# Descriptive Video Service



## ctphoto (Mar 10, 2016)

All of a sudden I am getting Descriptive Video Service from PBS on Channel 13 in New Jersey. I contacted Charter Cable and they said its my Tivo, and there is nothing they can do about it. I have tried turning alternative audio setting off and on, no change.


----------



## Dan203 (Apr 17, 2000)

If you pull up the banner while the recording is playing and then select the DD icon in the menu there is a way to change which audio stream is playing.


----------



## ctphoto (Mar 10, 2016)

Dan203 said:


> If you pull up the banner while the recording is playing and then select the DD icon in the menu there is a way to change which audio stream is playing.


Do you mean the Dolby Digital icon? If I select that and try the settings I still get the Descriptive Video Service dialog over the regular audio.


----------



## Dan203 (Apr 17, 2000)

There was a weird bug a while back where TiVo would always play the descriptive audio for some stations, something about how it was interleaved with the regular audio. But they fixed that a long time ago and I haven't seen anyone else complain since. 

The only way to really know if it's the TiVos fault is to watch the same channel on a regular bix and see if it does the same thing. If it doesn't then you'll have to call TiVo.


----------



## ctphoto (Mar 10, 2016)

I did look on another TV in our house with a Charter Box, it did not have the issue, so I assume it is just the Tivo doing it. Its the only channel it is happening to, weird.


----------



## Dan203 (Apr 17, 2000)

Might want to call TiVo support and at least log the bug. 

What channel is it? I have Charter too, so maybe I can duplicate the issue and file a report in solidarity.


----------



## ctphoto (Mar 10, 2016)

Channel 13 WNET PBS, New York - New Jersey


----------



## Dan203 (Apr 17, 2000)

Unfortunately I live across the country so I don't have access to that channel. I tried my local PBS channel and I did not get the descriptive audio.


----------



## sdjernes (Sep 6, 2016)

ctphoto said:


> Channel 13 WNET PBS, New York - New Jersey


As a user of description video services and someone who works with various blind consumers around my state. I am low vision and love my TiVo System.

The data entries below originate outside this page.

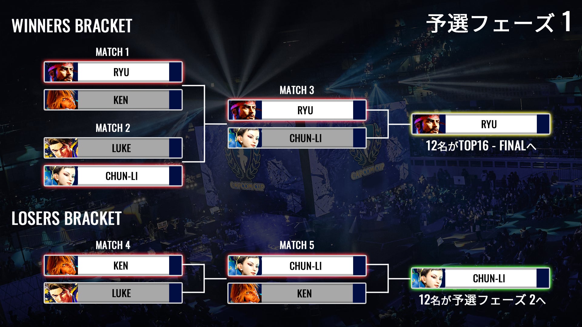 ウィナーズ突破の1名は「TOP16 - FINAL」へ、ルーザーズ突破の1名は「予選フェーズ2」へ進出。
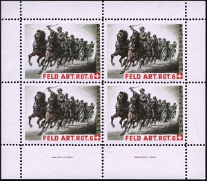 2580 | 20 € | II. WELTKRIEG (1939 - 1945) : SCHWEIZ 1939 gez. Soldatenmke.: FELD ART. RGT. 6, gez. Kleinbogen (4): Bespanntes Geschütz im Galopp ,postfr., (Su.44.3) | ![]() | |
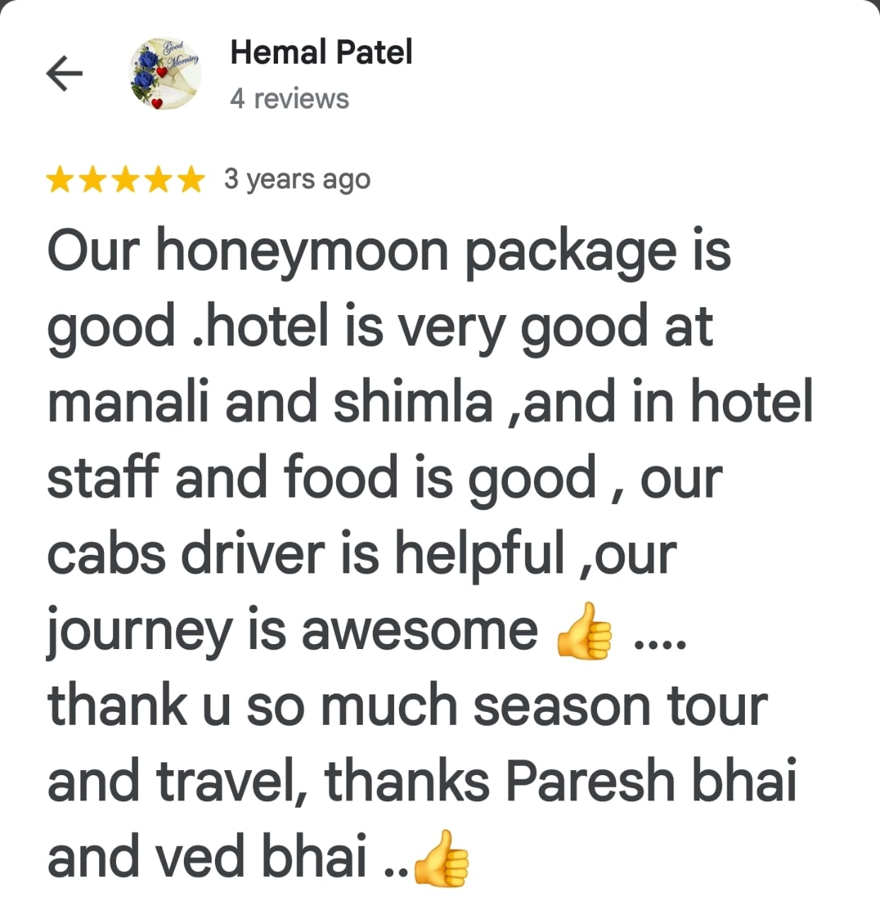 Our honeymoon package is good .hotel is very good at manali and shimla ,and in hotel staff and food is good , our cabs driver is helpful ,our journey is awesome π .... thank u so much season tour and travel, thanks Paresh bhai and ved bhai ..π β¦
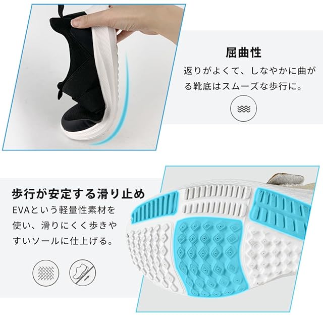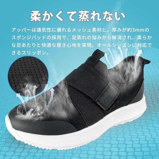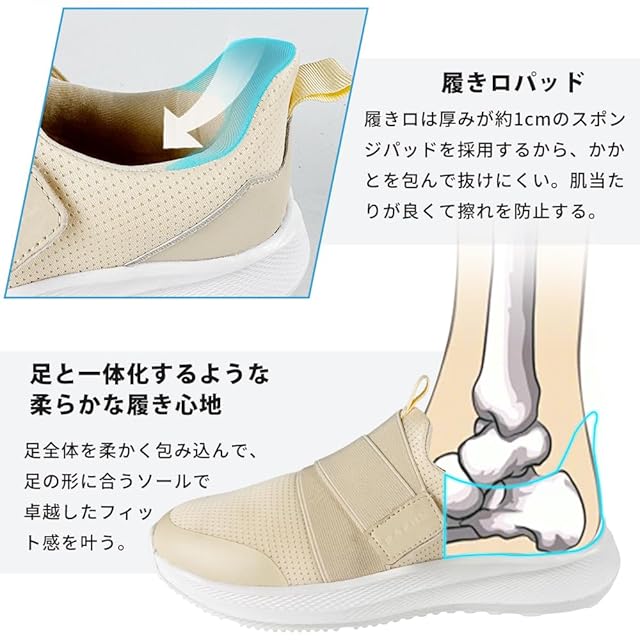 【足と一体化するような柔らかな履き心地】アッパー全体にはスポンジパッドを使用することで、足を柔かく包み込んで、最高な履き心地を実現します。底も柔かい素材だから、しなやかに曲がってスムーズな歩行をサポートします。
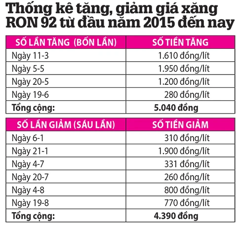 Từ đầu năm 2015, giá xăng dầu trong nước đã có sáu lần giảm và bốn lần tăng. Tuy nhiên, nhiều chuyên gia cho rằng mức giảm giá bán lẻ trong nước chưa tương xứng với giá thế giới. Trong khi đó, Tập đoàn Xăng dầu Việt Nam (Petrolimex) đã công bố báo cáo tài chính hợp nhất quý II-2015 cho hay Petrolimex đã đạt lợi nhuận hợp nhất sau thuế trên 1.125 tỉ đồng gần gấp ba lần cùng kỳ (cùng kỳ năm trước chỉ lãi khoảng 414 tỉ đồng). Như vậy tính chung sáu tháng đầu năm, Petrolimex lãi 1.586 tỉ đồng. Đáng lưu ý, chi phí tài chính sáu tháng đầu năm của Petrolimex là 1.524 tỉ đồng, tăng gần gấp đôi cùng kỳ năm 2014 nhưng Petrolimex vẫn đạt mức lợi nhuận kể trên.
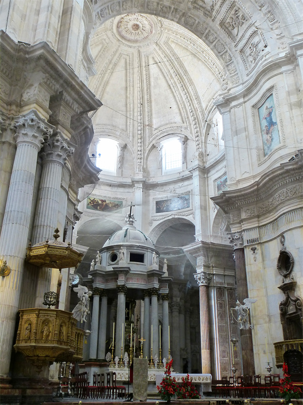 카디스 대성당 내부는 웅장하고 화려하게 장식되어 있다.
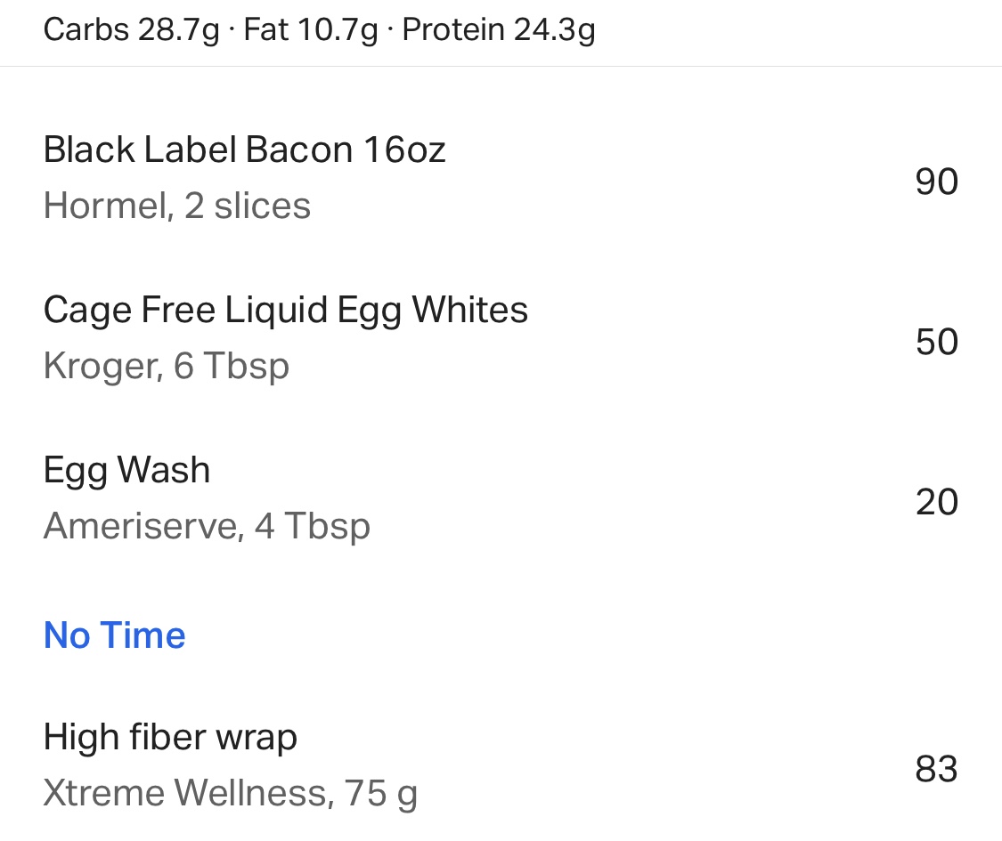 Next up: My mid morning snack. I am making an egg white scramble and throwing it on a low carb wrap. I am loving these new wraps I found at Smith’s Marketplace. They are loaded with fiber, which is something I have been lacking in my diet lately. I prep all the ingredients and make it fresh each day.
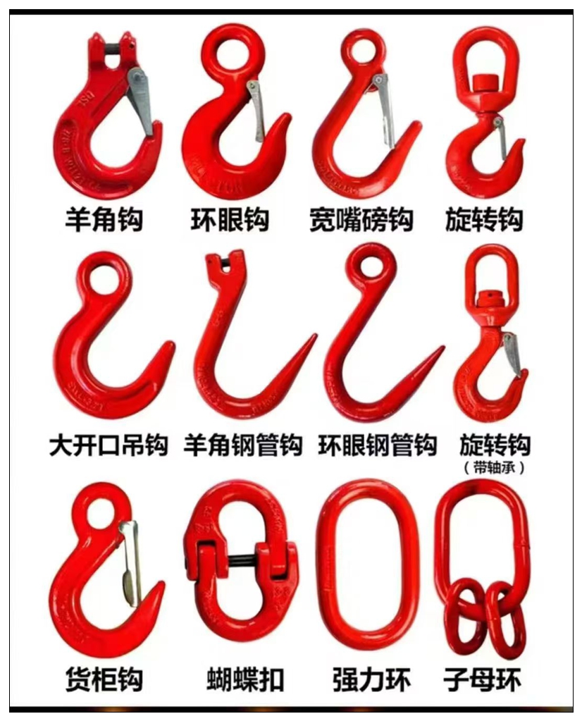 PDB平吊、Lc-吊、DFM翻转吊、DHQ-L吊、模锻L吊、CDH竖吊、羊角钩、环眼钩、宽嘴磅钩、旋转钩、大开口吊钩、羊角钢管钩、环眼钢管钩、旋转钩(带轴承)、货柜钩、蝴蝶扣、强力环、子母环、美式花兰螺栓、弓形卸扣
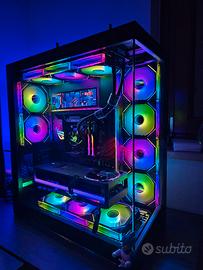 pc gaming di alta fascia con tutti i cartoni disponibili gpu. 5080 astral ssd. 9100 2T samsung cpu. ryzen 7 9800x3d mobo. x870e-e asus rog gaming wifi ram. g-skil trident 6000mhz cl 30 dissipatore. asus rog 360 liquido 12 ventole aria 120 alimentatore. 1000w corsair rm modulare case. phanteks nv7 monitor interno
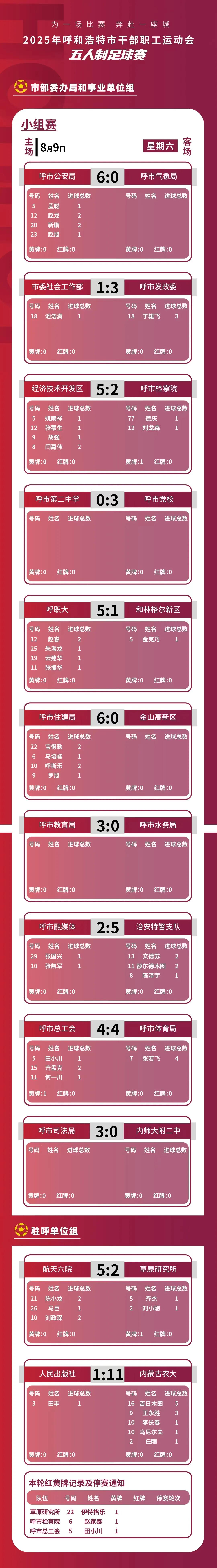五人制足球赛8月9日比赛成绩如下
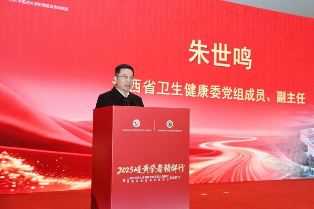 朱世鸣代表江西省卫健委对医院的建成启用表示祝贺,他指出,上海中医药大学附属龙华医院江西医院的启航,是沪赣两地深化中医药合作的重要里程碑,更是落实国家区域医疗中心建设部署的担当使命,让江西百姓在家门口就能享受到国家级优质中医药服务,有效推动优质医疗资源下沉,进一步降低跨省异地就医比例,为江西中医药事业高质量发展注入强劲动力。朱世鸣表示,“2025岐黄学者赣鄱行”活动的同步启动,国医大师、岐黄学者等中医药领域的顶尖专家来到江西,让专家学者们的智慧扎根赣鄱沃土,助力中医药强省建设再上新台阶。
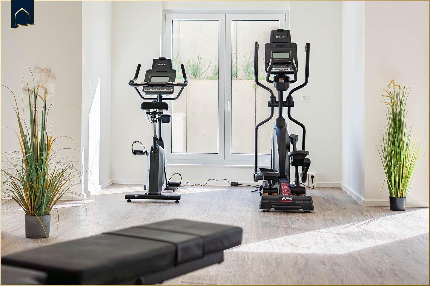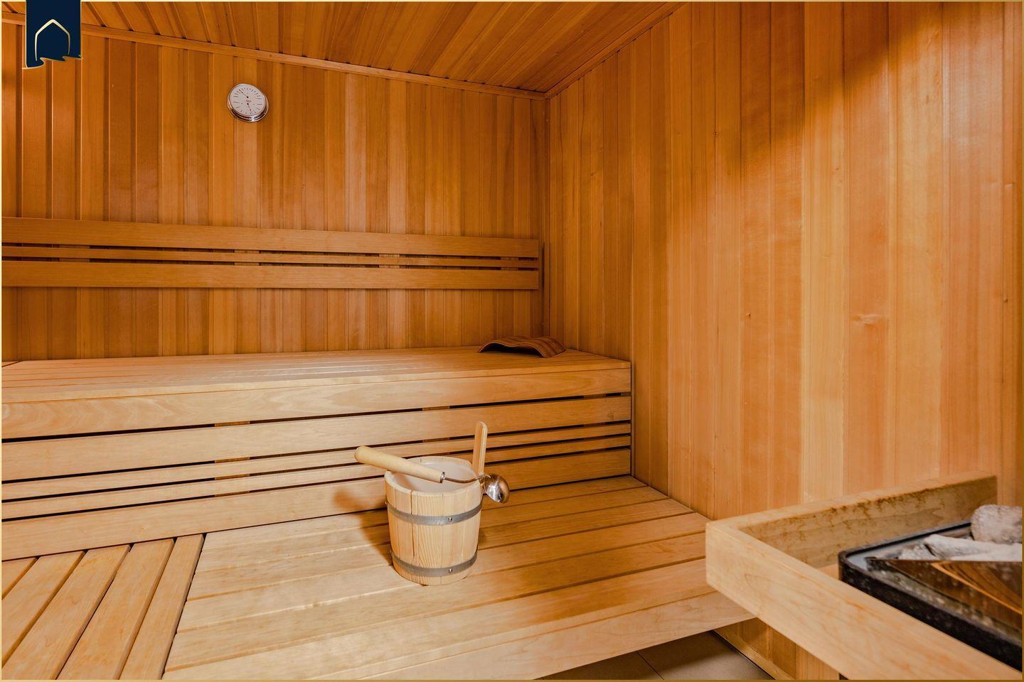 Die voll ausgestattete Küche verfügt über alles, was Sie für die Zubereitung Ihrer Lieblingsgerichte benötigen: Backofen, Herd, Mikrowelle, Kühlschrank mit Gefrierfach, Spülmaschine, Kaffeemaschine, Espressomaschine, Wasserkocher, Mixer und sogar einen Sandwich-Toaster. Der angrenzende Essbereich mit stilvollem Tisch lädt zu gemeinsamen Mahlzeiten ein. Für Wellnessfans steht eine Sauna zur Verfügung, die Sie nach einem aktiven Tag an der frischen Luft nutzen können. Auch Fitnessliebhaber kommen dank des hauseigenen Fitnessraums auf ihre Kosten.
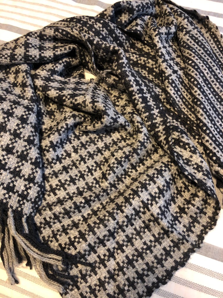 Connie LaTendresse wove samples for an upcoming rigid heddle class, including a houndstooth scarf and a v-necked shawl (pictured below).

I am also a Charter customer, Nebraska.

The descriptive video audio is transmitted in what use to be called the SAP (secondary audio program) stream embedded in the MTS Stereo audio of an analog TV channel.

The trick is, if your area has gone like ours, there are no analog channels and you have a CableCARD and Tuning Adapter. In this case it is a language stream.

In my area Descriptive Video is usually on what is called French.

To get to the language streams on the TiVo, I press the "Info" button (second down from top on Right side of my Romeo/Mini remotes). Then I down arrow twice to Audio.


----------



## LinzPlace! (Nov 15, 2016)

This just started with me today! Fox Channel 11 on an old Series2 TiVo I've had for years. The "Info" solution doesn't work; there is no audio option on this box through the Info button. And it's not the TV - everything is off. Help! This is driving me crazy already...


----------



## ctphoto (Mar 10, 2016)

It is your cable company signal, they call it overdrive. Charter came to my house and put a signal reducer on my line and that fixed it.


----------